<<<<
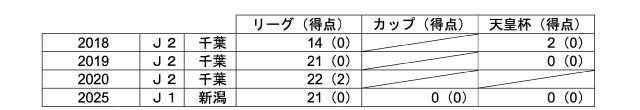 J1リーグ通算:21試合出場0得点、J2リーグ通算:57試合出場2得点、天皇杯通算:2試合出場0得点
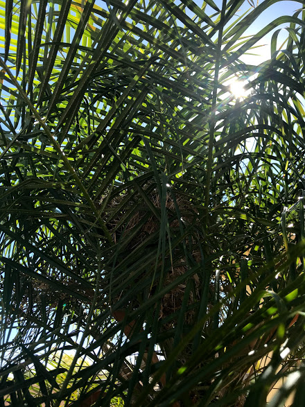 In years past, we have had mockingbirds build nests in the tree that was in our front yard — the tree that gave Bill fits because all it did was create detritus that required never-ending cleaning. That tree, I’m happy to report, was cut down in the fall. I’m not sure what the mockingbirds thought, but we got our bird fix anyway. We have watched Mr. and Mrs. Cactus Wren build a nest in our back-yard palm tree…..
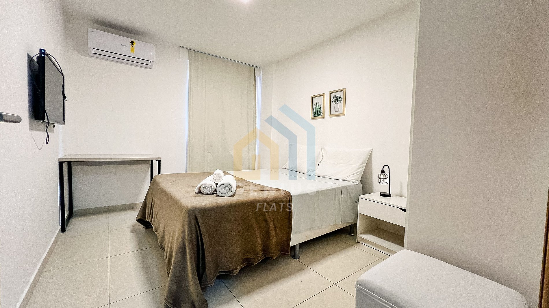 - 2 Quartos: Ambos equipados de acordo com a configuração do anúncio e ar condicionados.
>>>>
<<<<
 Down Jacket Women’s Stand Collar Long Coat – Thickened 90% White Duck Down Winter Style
>>>>
Task objective »
Only one stretch of the entries above is needed: the lines from the one containing "J1リーグ通算:21試合出場" through the one containing "- 2 Quartos: Ambos". Copy it exactly, without the pictures.

Result »
 J1リーグ通算:21試合出場0得点、J2リーグ通算:57試合出場2得点、天皇杯通算:2試合出場0得点
 In years past, we have had mockingbirds build nests in the tree that was in our front yard — the tree that gave Bill fits because all it did was create detritus that required never-ending cleaning. That tree, I’m happy to report, was cut down in the fall. I’m not sure what the mockingbirds thought, but we got our bird fix anyway. We have watched Mr. and Mrs. Cactus Wren build a nest in our back-yard palm tree…..
 - 2 Quartos: Ambos equipados de acordo com a configuração do anúncio e ar condicionados.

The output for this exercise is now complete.